All's Well That End's Well.


The vessel, which appeared so inopportunely for the safety of the ill-manned British cruiser, was, in truth, a ship that had roved from among the islands of the Caribean sea, in quest of some such adventure as that which now presented itself. She was called la belle Fontange, and her commander, a youth of two-and-twenty, was already well known in the salons of the Marais, and behind the walls of the Rue Basse des Remparts, as one of the most gay and amiable of those who frequented the former, and one of the most spirited and skilful among the adventurers who sometimes trusted to their address in the latter. Rank, and influence at Versailles, had procured for the young Chevalier Dumont de la Rocheforte a command to which he could lay no claim either by his experience or his services. His mother, a near relative of one of the beauties of the court, had been commanded to use sea-bathing, as a preventive against the consequences of the bite of a rabid lap-dog. By way of a suitable episode to the long descriptions she was in the daily habit of writing to those whose knowledge of her new element was limited to the constant view of a few ponds and ditches teeming with carp, or an occasional glimpse of some of the turbid reaches of the Seine, she had vowed to devote her youngest child to Neptune! In due time, that is to say, while the poetic sentiment was at the access, the young chevalier was duly enrolled and, in a time that greatly anticipated all regular and judicious preferment, he was placed in command of the corvette in question, and sent to the Indies to gain glory for himself and his country.

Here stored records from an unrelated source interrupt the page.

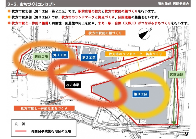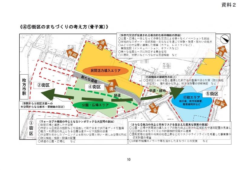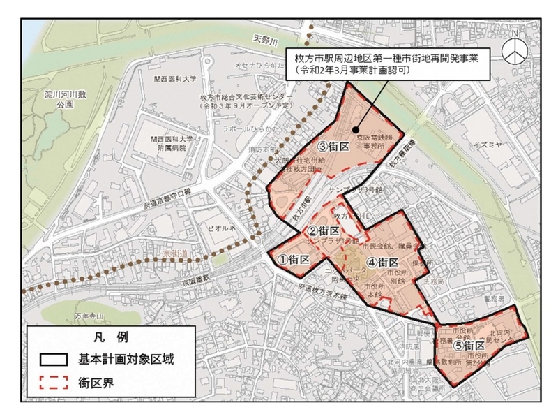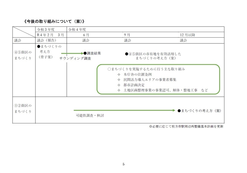 枚方市駅周辺再整備については、「③街区」において、着々と工事が進められていますが、現在の市役所のある「④街区」や、府民センターのある「⑤街区」のまちづくりについても、スピード感を持って進めていかなければなりません。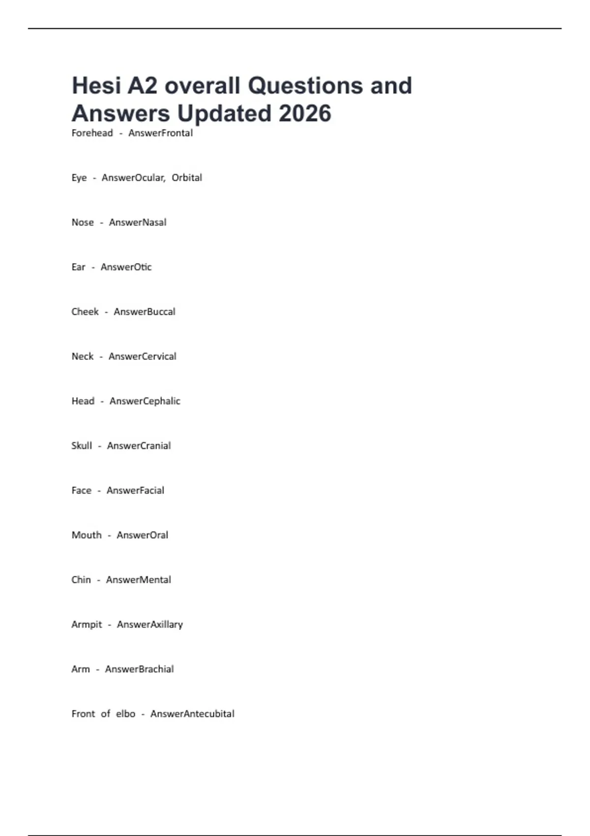 Hesi A2 overall Questions and Answers Updated 2026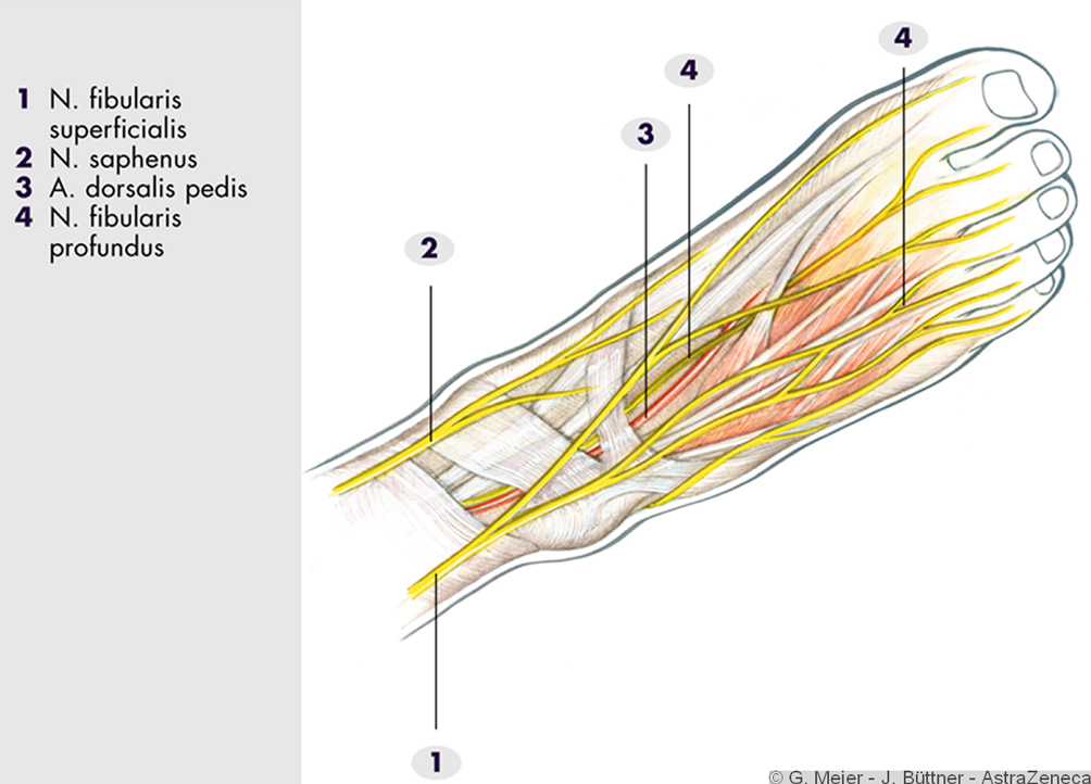 patienten bedes ekstendere foden og storetåen mod modstand hvorved senerne identificeres lige over ankelleds niveau. Perpendikulært indstik mellem senerne og lige lateralt for a.dorsalis pedis (a. tibialis ant.), penetrerende extensorretinaklet til knoglekontakt. (Visse steder anbefales det dog at deponere på begge sider af arterien.) Ved anvendelse af nervestimulator opsøges maksimale stimulationssynkrone paræstesier i relevant cutant område (Obs sensoriske nerver har længere chronaxi hvorfor impulsvarigheden øges til 0,3 ms.). 4-6 ml LA injiceres. Man kan kan vælge at opsøge n. peroneus (fibularis) superficialis og dennes endegrene på dette niveau ved at retrahere nålen subcutant , og redirigere den mod laterale maleol, deponerende 4 - 6 ml LA.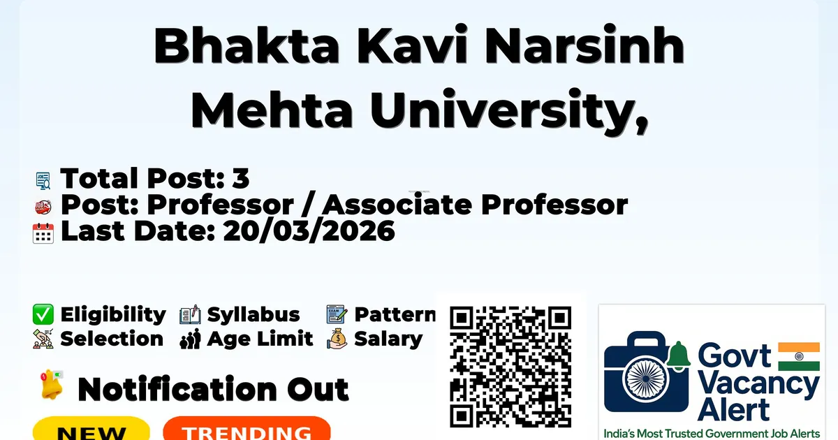 Bhakta Kavi Narsinh Mehta University Junagadh (BKNMU) has released an official notification for the recruitment of 03 Professor, Associate Professor Posts. Interested and eligible candidates can apply Online through the official BKNMU website. The last date to submit the application form is 20-03-2026. In this article, you’ll find the BKNMU Professor, Associate Professor Posts recruitment details, including eligibility criteria, age limit, salary structure, selection process, application steps, and direct links to the official notification and Online application form.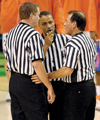 Verne Harris (center), who worked a 2007 national men’s semifinal game between Florida and UCLA, with Tom O’Neill and Curtis Shaw, expects more scrutiny for officials in all sports for the upcoming year.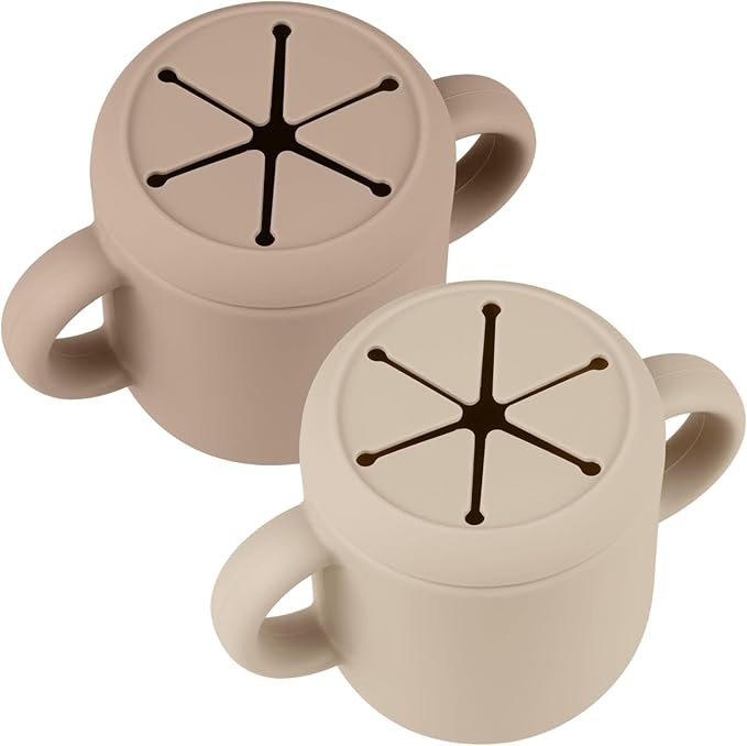 Snack Containers, Silicone Snack Cups for 6-12 Months Toddlers - Pack of 2 Food Grade Silicone Snack Cups with Grip Handle for Baby Led Weaning, Unbreakable (Sand/Natural)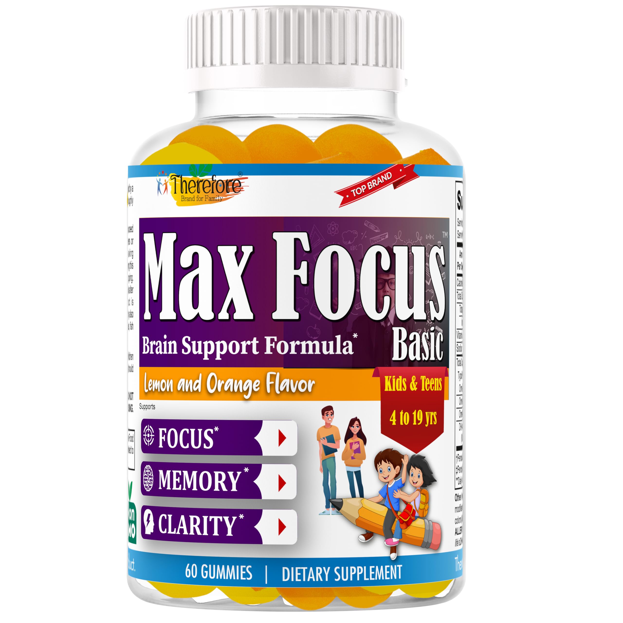 Why Choose Max Focus?- Because your child deserves the best! Max Focus combines science, safety, and taste to create a supplement that supports focus, memory, and brain performance naturally. Each gummy is crafted with care to make daily brain nutrition easy and effective. When compared to traditional kids' vitamins or fish oil products, Max Focus offers a smarter, plant-based way to support growing minds — every chew counts. Stimulant-Free, Caffeine-Free, And Non-Habit Forming - Max Focus Kids Focus Gummies is crafted in a GMP-certified USA facility, ensuring the highest quality and safety standards. Our formula is Non-GMO, Gluten-Free, Gelatin-Free, and Low-Sugar, making it safe and gentle for children and teens. Third-party lab tested for purity and potency, these focus vitamins for kids are trusted by parents who want transparency and quality. Delicious, Chewable Easy to Enjoy- Say goodbye to fishy aftertaste and difficult capsules — our focus gummies for kids come in a natural orange flavor that kids love. These chewable memory vitamins for kids are tasty, soft, and fun to eat. Kids love the fruity flavor parents love that it supports their children's mental clarity, memory, and concentration every day. Plant-Based Omega 3 DHA Formula- Kids Focus and Attention Supplements uses a fish oil-free, vegan Omega 3 DHA formula made from sustainable algae sources. It's gentle on kids' tummies, non-fishy, and rich in Omega 3 fatty acids essential for brain, heart, and eye health. This clean, plant-based alternative ensures your kids get the brain-boosting benefits of DHA without any artificial colors, synthetic flavors, or gelatin. Focus, Memory

The Chevalier Dumont de la Rocheforte was brave, but his courage was not the calm and silent self-possession of a seaman. Like himself, it was lively, buoyant, thoughtless, bustling, and full of animal feeling. He had all the pride of a gentleman, and, unfortunately for the duty which he had now for the first time to perform, one of its dictates caught him to despise that species of mechanical knowledge which it was, just at this moment, so important to the commander of la Fontange to possess. He could dance to admiration, did the honors of his cabin with faultless elegance, and had caused the death of an excellent mariner, who had accidentally fallen overboard, by jumping into the sea to aid him, without knowing how to swim a stroke himself,--a rashness that had diverted those exertions which might have saved the unfortunate sailor, from the assistance of the subordinate to the safety of his superior. He wrote sonnets prettily, and had some ideas of the new philosophy which was just beginning to dawn upon the world; but the cordage of his ship, and the lines of a mathematical problem, equally presented labyrinths he had never threaded.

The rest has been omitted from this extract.